## WHAT YOU HAVE TO DO
A word-for-word copy of the entries, with images excluded, is the expected answer.

** RECORDS TO PROCESS follows **

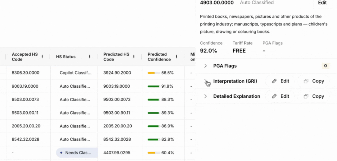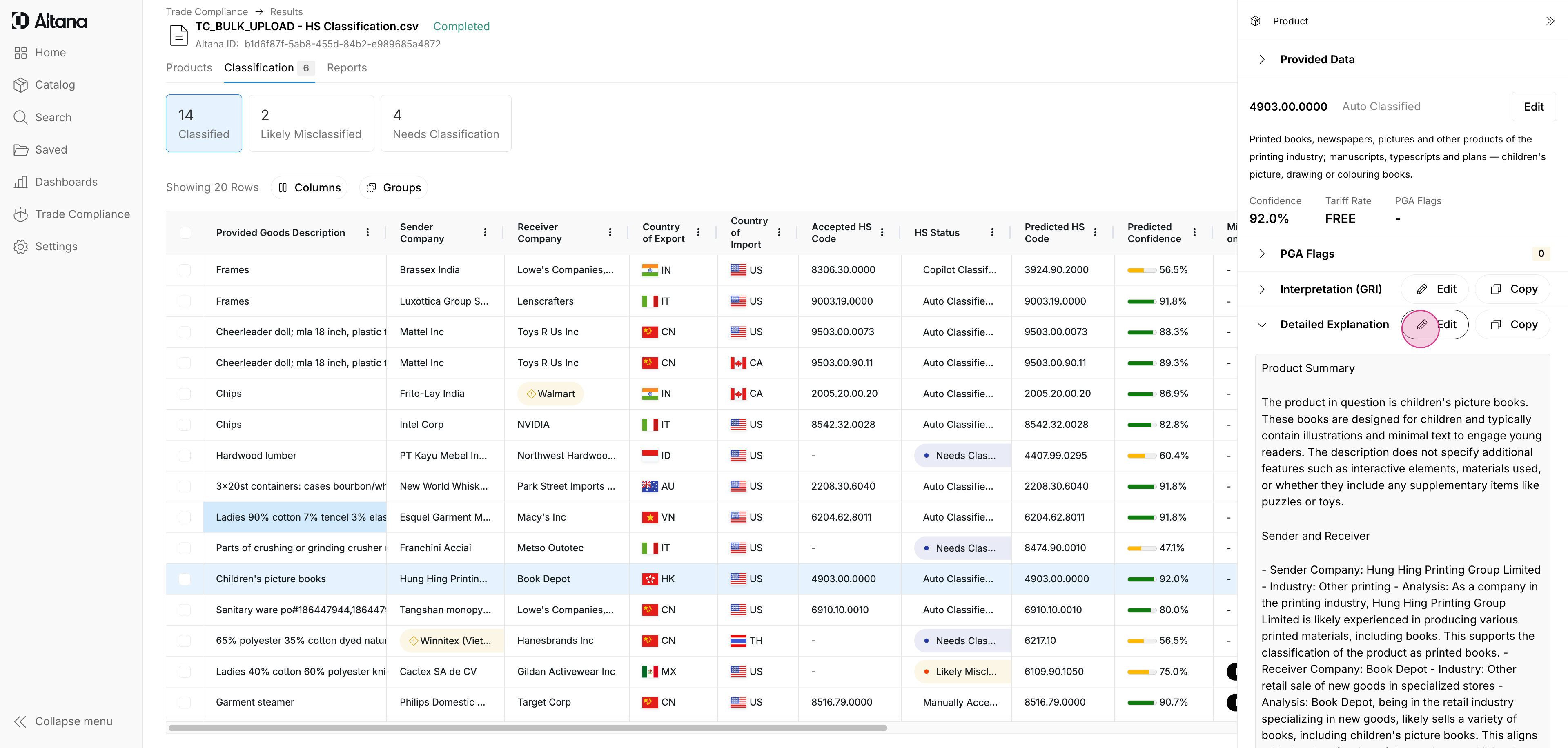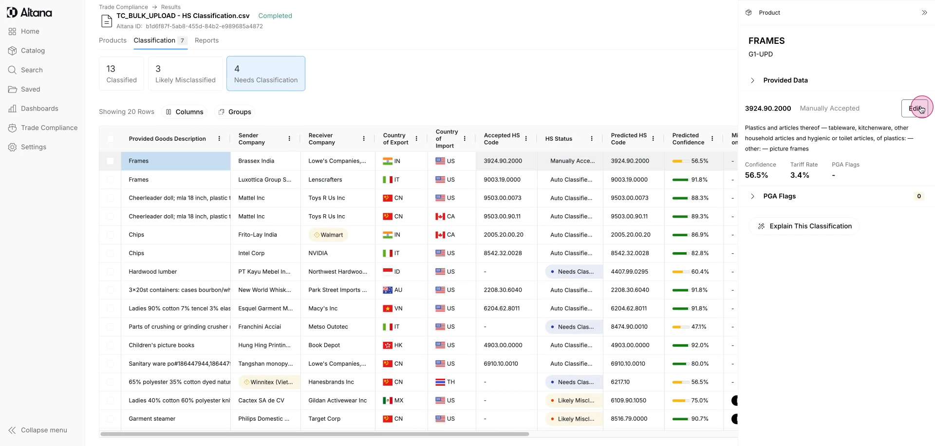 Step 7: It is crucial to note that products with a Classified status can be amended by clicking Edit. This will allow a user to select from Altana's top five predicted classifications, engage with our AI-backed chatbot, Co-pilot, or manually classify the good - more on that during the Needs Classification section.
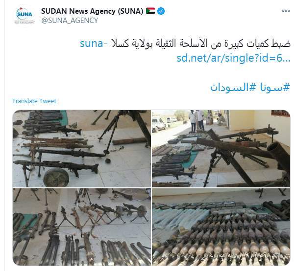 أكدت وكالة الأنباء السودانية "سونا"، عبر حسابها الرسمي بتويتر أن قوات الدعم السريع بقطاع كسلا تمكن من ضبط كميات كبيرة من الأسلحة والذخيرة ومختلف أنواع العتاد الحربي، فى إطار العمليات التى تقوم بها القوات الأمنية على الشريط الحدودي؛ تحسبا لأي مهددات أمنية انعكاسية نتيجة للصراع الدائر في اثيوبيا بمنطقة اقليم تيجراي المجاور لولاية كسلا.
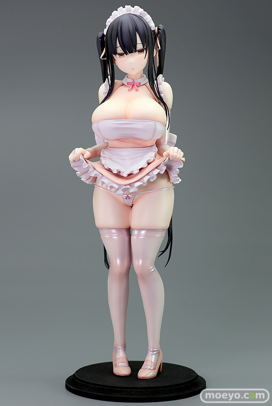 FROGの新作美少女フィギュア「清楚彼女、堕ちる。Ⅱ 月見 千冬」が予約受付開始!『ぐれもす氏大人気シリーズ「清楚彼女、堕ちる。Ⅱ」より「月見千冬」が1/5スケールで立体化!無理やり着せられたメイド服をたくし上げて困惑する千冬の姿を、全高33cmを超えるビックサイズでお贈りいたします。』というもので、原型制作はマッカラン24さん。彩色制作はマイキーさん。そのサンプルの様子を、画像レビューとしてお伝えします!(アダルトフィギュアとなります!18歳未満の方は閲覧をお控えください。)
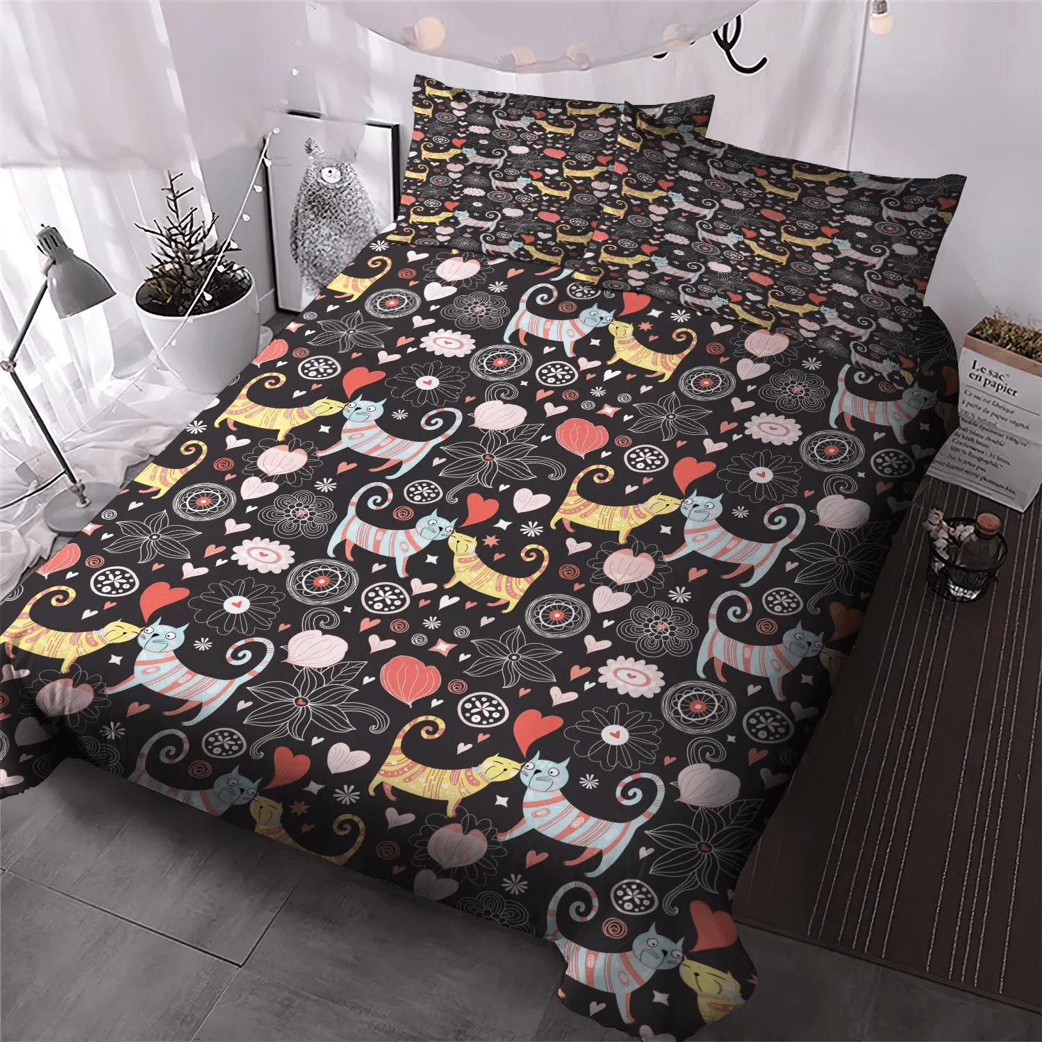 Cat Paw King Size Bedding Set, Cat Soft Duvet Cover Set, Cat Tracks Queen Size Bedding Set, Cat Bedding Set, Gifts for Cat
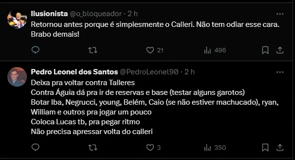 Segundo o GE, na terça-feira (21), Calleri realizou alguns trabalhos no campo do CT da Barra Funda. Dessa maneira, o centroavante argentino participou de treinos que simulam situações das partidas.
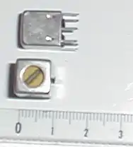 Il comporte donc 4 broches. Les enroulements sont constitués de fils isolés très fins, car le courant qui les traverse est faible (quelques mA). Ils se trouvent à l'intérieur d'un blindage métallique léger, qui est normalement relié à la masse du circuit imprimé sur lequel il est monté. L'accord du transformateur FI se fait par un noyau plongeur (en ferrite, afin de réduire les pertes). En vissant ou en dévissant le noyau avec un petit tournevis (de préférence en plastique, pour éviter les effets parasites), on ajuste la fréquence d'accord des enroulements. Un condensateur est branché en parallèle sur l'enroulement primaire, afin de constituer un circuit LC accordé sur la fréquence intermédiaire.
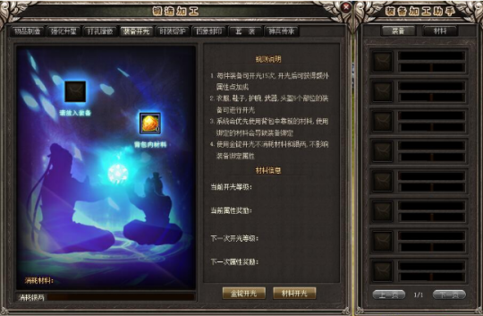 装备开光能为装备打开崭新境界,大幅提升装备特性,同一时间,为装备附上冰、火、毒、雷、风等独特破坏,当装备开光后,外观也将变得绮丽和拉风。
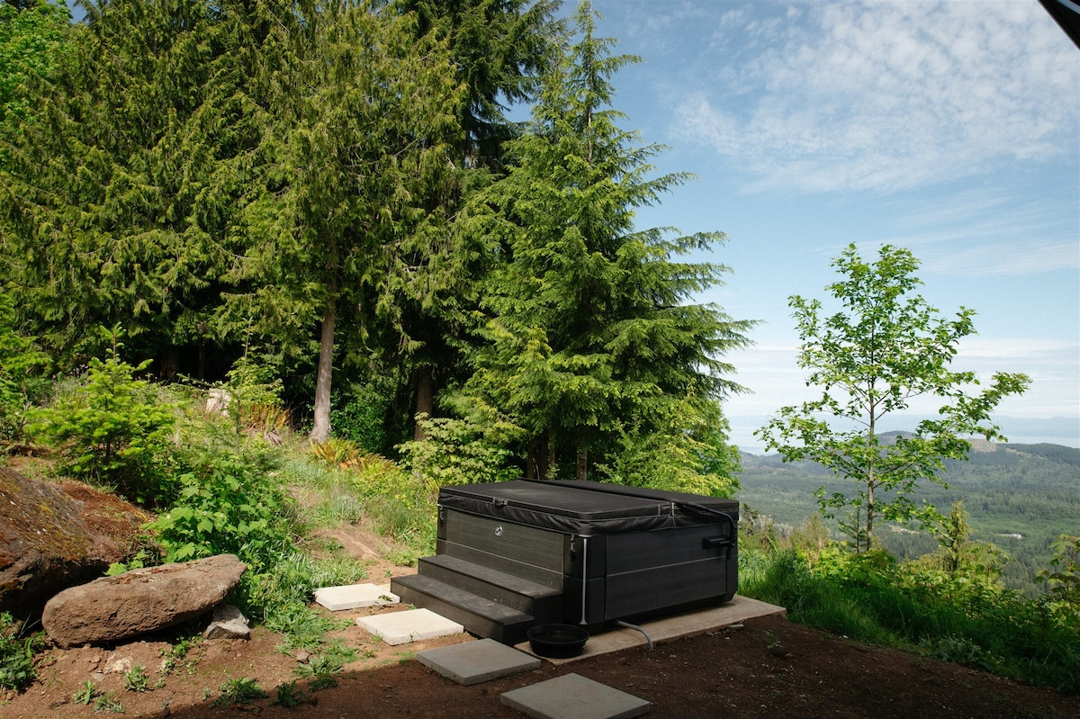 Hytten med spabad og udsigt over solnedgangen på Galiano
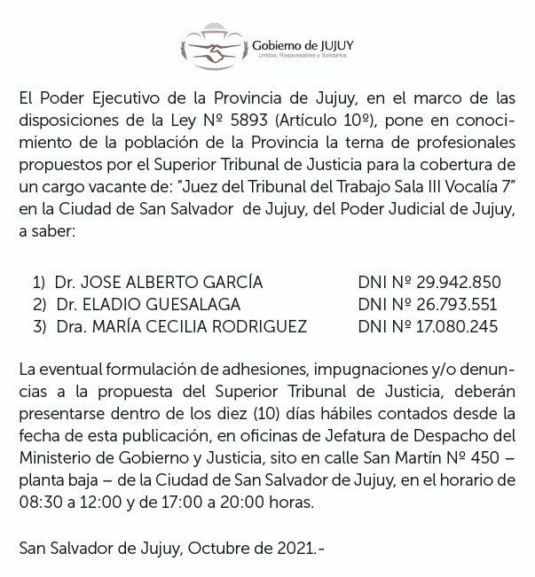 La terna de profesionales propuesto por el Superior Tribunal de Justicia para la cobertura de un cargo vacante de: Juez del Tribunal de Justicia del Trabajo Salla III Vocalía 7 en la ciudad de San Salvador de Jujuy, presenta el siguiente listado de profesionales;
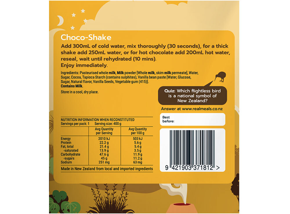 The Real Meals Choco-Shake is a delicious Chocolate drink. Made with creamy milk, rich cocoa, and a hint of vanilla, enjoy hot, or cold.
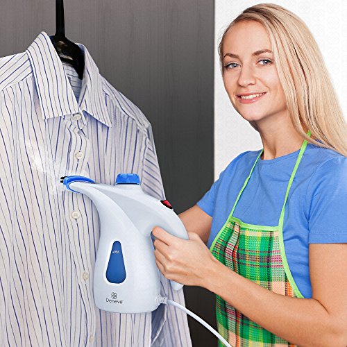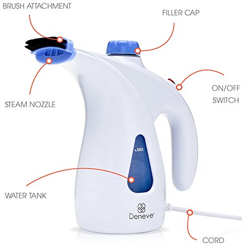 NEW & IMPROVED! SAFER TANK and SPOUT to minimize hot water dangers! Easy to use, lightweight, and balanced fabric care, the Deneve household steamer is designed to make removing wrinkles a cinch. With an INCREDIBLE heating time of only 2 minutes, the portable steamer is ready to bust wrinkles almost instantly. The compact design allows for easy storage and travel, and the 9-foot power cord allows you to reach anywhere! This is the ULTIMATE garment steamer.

** End of RECORDS TO PROCESS **

## FINISHED EXERCISE
 Step 7: It is crucial to note that products with a Classified status can be amended by clicking Edit. This will allow a user to select from Altana's top five predicted classifications, engage with our AI-backed chatbot, Co-pilot, or manually classify the good - more on that during the Needs Classification section.
 أكدت وكالة الأنباء السودانية "سونا"، عبر حسابها الرسمي بتويتر أن قوات الدعم السريع بقطاع كسلا تمكن من ضبط كميات كبيرة من الأسلحة والذخيرة ومختلف أنواع العتاد الحربي، فى إطار العمليات التى تقوم بها القوات الأمنية على الشريط الحدودي؛ تحسبا لأي مهددات أمنية انعكاسية نتيجة للصراع الدائر في اثيوبيا بمنطقة اقليم تيجراي المجاور لولاية كسلا.
 FROGの新作美少女フィギュア「清楚彼女、堕ちる。Ⅱ 月見 千冬」が予約受付開始!『ぐれもす氏大人気シリーズ「清楚彼女、堕ちる。Ⅱ」より「月見千冬」が1/5スケールで立体化!無理やり着せられたメイド服をたくし上げて困惑する千冬の姿を、全高33cmを超えるビックサイズでお贈りいたします。』というもので、原型制作はマッカラン24さん。彩色制作はマイキーさん。そのサンプルの様子を、画像レビューとしてお伝えします!(アダルトフィギュアとなります!18歳未満の方は閲覧をお控えください。)
 Cat Paw King Size Bedding Set, Cat Soft Duvet Cover Set, Cat Tracks Queen Size Bedding Set, Cat Bedding Set, Gifts for Cat
 Segundo o GE, na terça-feira (21), Calleri realizou alguns trabalhos no campo do CT da Barra Funda. Dessa maneira, o centroavante argentino participou de treinos que simulam situações das partidas.
 Il comporte donc 4 broches. Les enroulements sont constitués de fils isolés très fins, car le courant qui les traverse est faible (quelques mA). Ils se trouvent à l'intérieur d'un blindage métallique léger, qui est normalement relié à la masse du circuit imprimé sur lequel il est monté. L'accord du transformateur FI se fait par un noyau plongeur (en ferrite, afin de réduire les pertes). En vissant ou en dévissant le noyau avec un petit tournevis (de préférence en plastique, pour éviter les effets parasites), on ajuste la fréquence d'accord des enroulements. Un condensateur est branché en parallèle sur l'enroulement primaire, afin de constituer un circuit LC accordé sur la fréquence intermédiaire.
 装备开光能为装备打开崭新境界,大幅提升装备特性,同一时间,为装备附上冰、火、毒、雷、风等独特破坏,当装备开光后,外观也将变得绮丽和拉风。
 Hytten med spabad og udsigt over solnedgangen på Galiano
 La terna de profesionales propuesto por el Superior Tribunal de Justicia para la cobertura de un cargo vacante de: Juez del Tribunal de Justicia del Trabajo Salla III Vocalía 7 en la ciudad de San Salvador de Jujuy, presenta el siguiente listado de profesionales;
 The Real Meals Choco-Shake is a delicious Chocolate drink. Made with creamy milk, rich cocoa, and a hint of vanilla, enjoy hot, or cold.
 NEW & IMPROVED! SAFER TANK and SPOUT to minimize hot water dangers! Easy to use, lightweight, and balanced fabric care, the Deneve household steamer is designed to make removing wrinkles a cinch. With an INCREDIBLE heating time of only 2 minutes, the portable steamer is ready to bust wrinkles almost instantly. The compact design allows for easy storage and travel, and the 9-foot power cord allows you to reach anywhere! This is the ULTIMATE garment steamer.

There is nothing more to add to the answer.